### WHAT YOU WILL DO
Reproduce, exactly and in full, the lines from the one with "colourful zebra print." through the one with "Scratch & Dent" in the data below; drop pictures.

(Collected data)

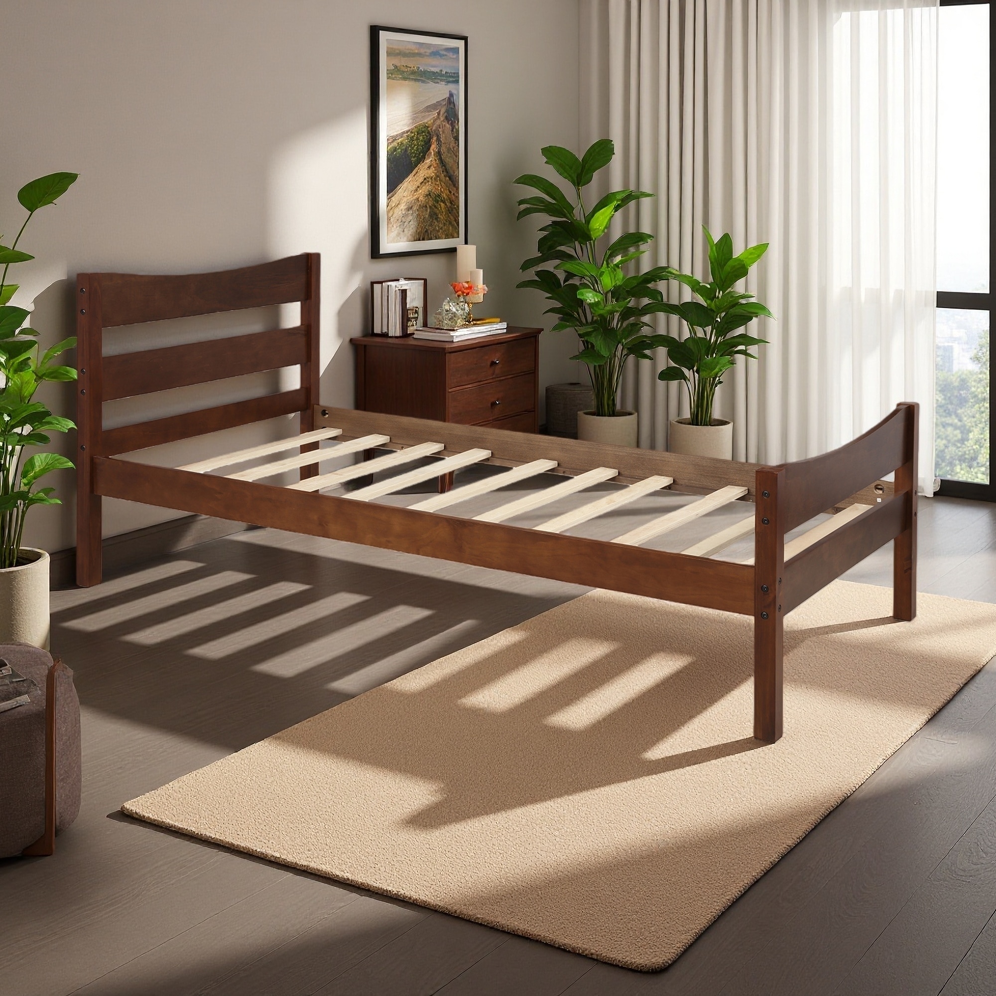 This Twin Size Wood Platform Bed with Headboard and Wooden Slat Support is a perfect blend of style and functionality.
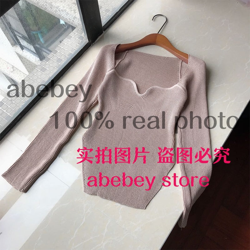 2021 new spring and summer fashion women clothes sqaure collar full sleeves elastic high waist sexy pullover WK080
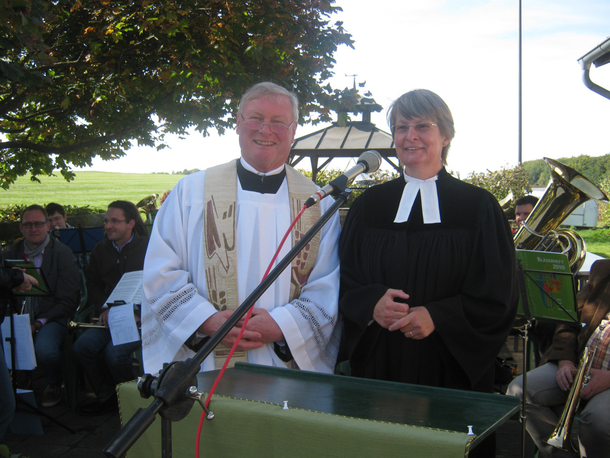 Die Eismannsberger Pfarrerin Barbara Overmann und Pfarrer Albert Börschlein aus Altdorf hatten wohl einen „guten Draht nach oben“ wie es so schön heißt, denn dank des spätsommerlich warmen Wetters fand der Gottesdienst planmäßig im Freien statt. Dass sich Frau Overmann sehr viel mit dem Fliegen auseinandergesetzt hatte, merkte man an der außergewöhnlichen Predigt, deren Inhalt vor allem aus der Schöpfung und dem vogelfreien, lautlosen Fliegen bestand.
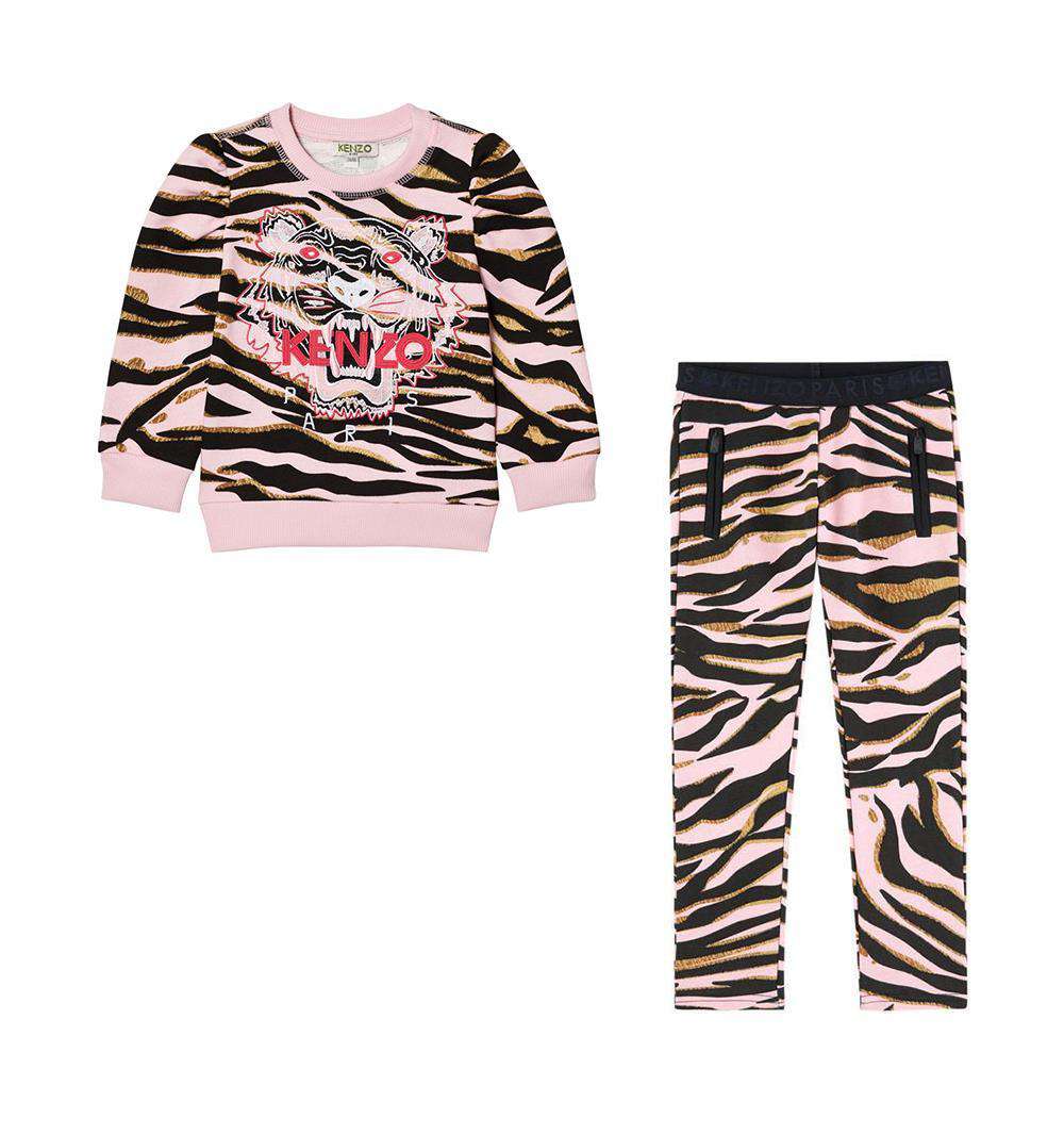 • A soft and stretchy tracksuit for girls by Kenzo Kids, with a colourful zebra print.
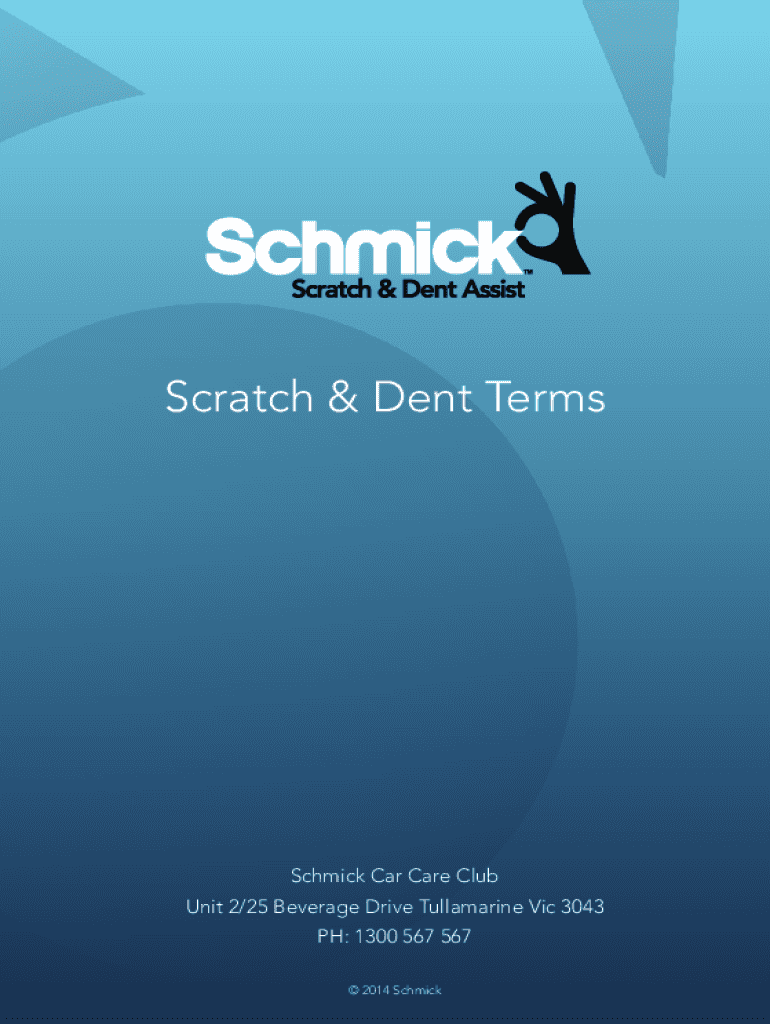 Scratch & Dent TermsSchmick Car Care Club Unit 2/25 Beverage Drive Ultramarine Vic 3043 PH: 1300 567 567 2014 SchmickIndex General Terms and Conditions 3 This Booklet 3 PART ONE 41. Member Benefits
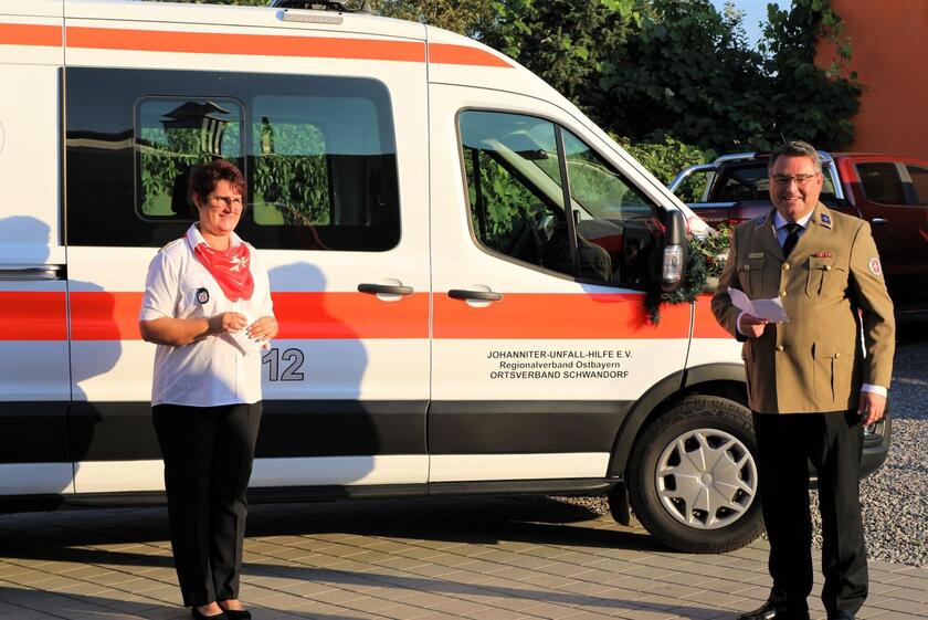 Johanniter-Regionalvorstand Martin Steinkirchner überreichte den Schlüssel an die Ortsbeauftrage Andrea Scherübl im Beisein von Ehrengästen und Mitgliedern des Ortsverbandes. Er betonte, dass der Ortsverband nicht zuletzt durch die herausragenden Leistungen als SEG (Schnelleinsatzgruppe) Verpflegung nicht nur bei den Einsatzkräften der Region, sondern sogar bundesweit einen guten Ruf genieße. Deswegen sei ihm und seinem Regionalvorstands-Kollegen Dr. Hermann Hilber der Entschluss, den OV mit dem neuen Fahrzeug zu unterstützen, sehr leicht gefallen.

### COMPLETED EXERCISE
 • A soft and stretchy tracksuit for girls by Kenzo Kids, with a colourful zebra print.
 Scratch & Dent TermsSchmick Car Care Club Unit 2/25 Beverage Drive Ultramarine Vic 3043 PH: 1300 567 567 2014 SchmickIndex General Terms and Conditions 3 This Booklet 3 PART ONE 41. Member Benefits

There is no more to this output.